1. Log in to Docker with your ECR credentials (set `AWS_PROFILE` first, or replace it inline)

```bash
AWS_PROFILE="${AWS_PROFILE:?set AWS_PROFILE}" aws ecr get-login-password --region us-east-1 --profile "$AWS_PROFILE" | docker login \
  --username AWS \
  --password-stdin 682769330988.dkr.ecr.us-east-1.amazonaws.com
```

2. Pull the Anzu image from ECR

```bash
docker pull 682769330988.dkr.ecr.us-east-1.amazonaws.com/anzu-vla-foundry:latest
```

3. Run the Anzu image on Docker

```bash
docker run --rm -it --network host \
    --runtime=nvidia \
    --gpus all \
    --device /dev/dri \
    --group-add video \
    --group-add $(stat -c '%g' /dev/dri/renderD128) \
    -e NVIDIA_DRIVER_CAPABILITIES=all \
    -e SKIP_BUILD=1 \
    -v $SSH_AUTH_SOCK:/ssh-agent \
    -e SSH_AUTH_SOCK=/ssh-agent \
    -v ${HOME}/.aws:/home/anzu/.aws \
    682769330988.dkr.ecr.us-east-1.amazonaws.com/anzu-vla-foundry:latest \
    bash /opt/anzu/launch_sim.sh BimanualPutRedBellPepperInBin
```

### Contents
- `launch_wave_policy.sh` – launches a dummy gRPC policy server that waves the
  robot end-effectors in a simple sinusoidal pattern. Helpful for verifying the
  evaluation pipeline.
- `launch_inference_policy.sh` – launches a gRPC policy server that uses the DiffusionPolicy model to generate actions.
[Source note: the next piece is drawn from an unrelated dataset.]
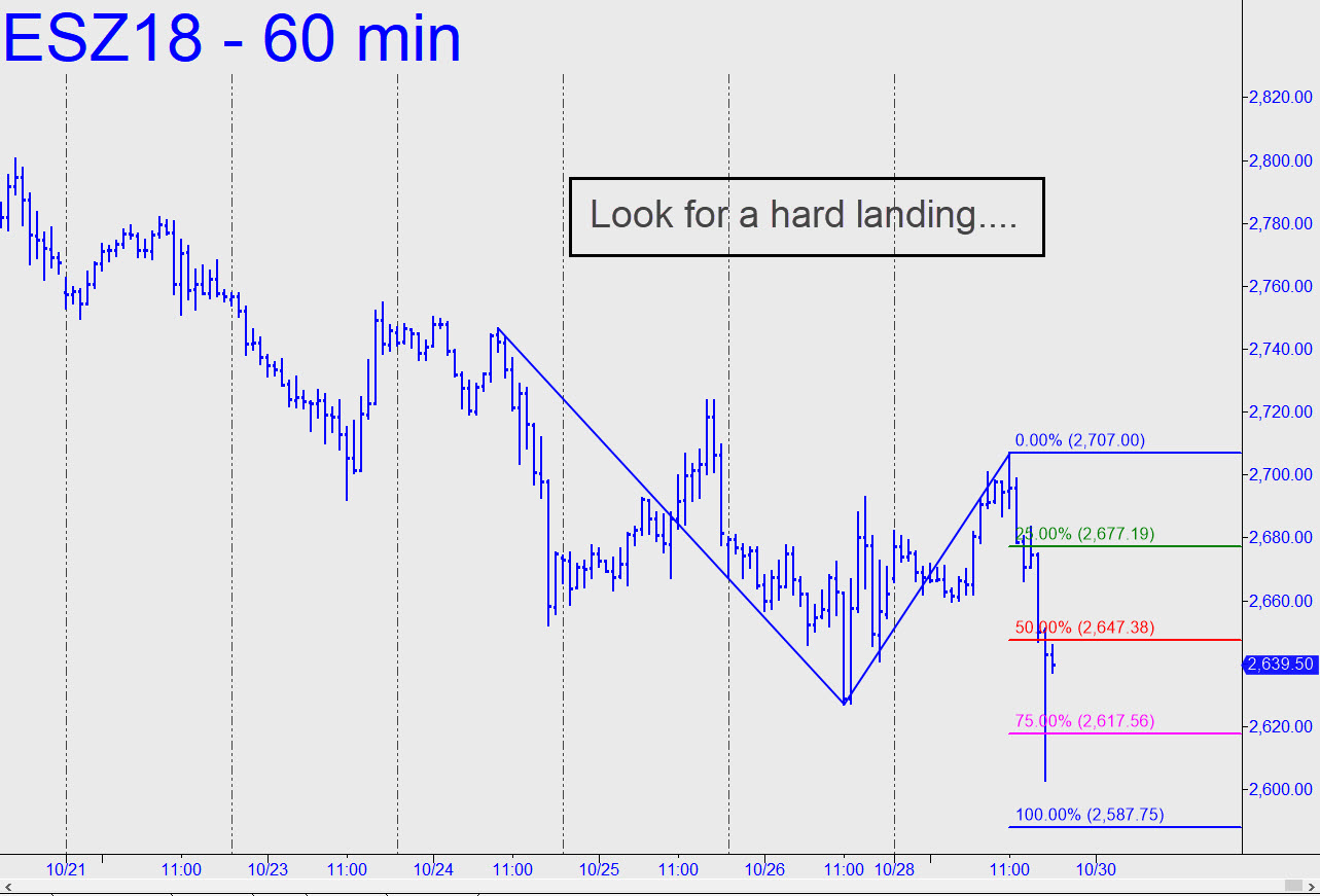 The 2706.50 target I put out Sunday night came within two ticks of nailing Monday’s high, which gave way to a 104-point avalanche. In the chat room, I suggested covering half the position for a small profit before the move started to snowball, but at least a few subscribers took my further suggestion that they hold a contract or two for a swing at the fences. This tactic didn’t pay off until late in the day, when it finally dawned on bulls that the broad averages were not coming back. The 2610.00 downside target I subsequently proffered near the end of the day gave way easily, suggesting the even though the futures subsequently bounced a whopping 43 points from an intraday low of 2603.00, they are likely to fall anew to the 2587.75 target shown before sellers are spent. I would reconsider this prediction if the December contract pushes above 2683.50 overnight or Tuesday morning. ______ UPDATE (Oct 31, 10:47): See my chat room posts for new rally targets that were disseminated in timely fashion earlier this morning.

The experiment path (e.g., model checkpoint) should be modified in the script or passed as an argument as needed.

### Prerequisites
- Complete the project setup in the repository root (see main README for
  `uv sync --frozen` instructions).
- Provide any required credentials (e.g., AWS, WANDB, Hugging Face tokens) for
  accessing checkpoints or datasets referenced in your custom configuration.
- Ensure your shell is in the repository root before running the scripts.

### Running the Wave Policy Demo
The wave policy is a deterministic scripted policy that validates the gRPC
stack.

```bash
bash examples/deployment/lbm_eval/launch_wave_policy.sh
```

From the Anzu repo, in simulation, you can run the following command to launch the wave policy:
```bash
bazel run //intuitive/visuomotor:demonstrate -- \
--config_file `pwd`/lbm_eval/scenarios/3_cabot_breakfast/put_cup_in_center_of_table.yaml \ --scenario GrpcServerToSim \
--demonstration_indices 1000:1005 \
--t_max 10.0 \
--save_dir=/tmp/lbm/rollouts/ \
--summary_dir=/tmp/lbm/rollouts/
```

Key behavior:
- Starts a gRPC server defined in
  `packages/grpc-workspace/src/grpc_workspace/wave_around_policy_server.py`.
- Streams sinusoidal joint poses to connected clients until interrupted.

### Running the Inference Policy Demo

Follow these steps to download the trained policy and run the evaluation demo.

#### 1. Download the policy checkpoint (from repo root)

Download by W&B run name:
```bash
python examples/deployment/lbm_eval/download_model_from_wandb.py --run-name "<RUN_NAME>"
```
Example: `2026_01_12-21_27_03-model_diffusion_policy-lr_5e-05-bsz_1024`

Or use a W&B URL directly:
```bash
python examples/deployment/lbm_eval/download_model_from_wandb.py --run-url "https://wandb.ai/entity/project/runs/abc123"
```

To search for available runs:
```bash
python examples/deployment/lbm_eval/download_model_from_wandb.py --search "diffusion"
```

To download a specific checkpoint number (default is latest):
```bash
python examples/deployment/lbm_eval/download_model_from_wandb.py --run-name "<RUN_NAME>" --checkpoint 5
```

#### 2. Launch the inference policy service (from repo root)
```bash
bash examples/deployment/lbm_eval/launch_inference_policy.sh
```

#### 3. Run the client demo on anzu (`lbm_eval_0_5` branch) (from anzu root)
```bash
source .venv/bin/activate
touch .venv/COLCON_IGNORE
export PYTHONPATH=`pwd`/venv/lib/python3.12/site-packages:$PYTHONPATH
export ROS_LOCALHOST_ONLY=1
export RMW_IMPLEMENTATION=rmw_cyclonedds_cpp
export DISPLAY=1

CUDA_VISIBLE_DEVICES=1 xvfb-run -a bazel run //intuitive/visuomotor:demonstrate -- \
  --config_file `pwd`/intuitive/visuomotor/config/bimanual_put_red_bell_pepper_in_bin_riverway.yaml \
  --scenario GrpcServerToSim \
  --demonstration_indices 0:50 \
  --t_max 45.0 \
  --save_dir=/tmp/lbm/rollouts/ \
  --summary_dir=/tmp/lbm/rollouts/
```

The demo connects to the policy server started in step 2 and saves rollouts under `/tmp/lbm/rollouts/`.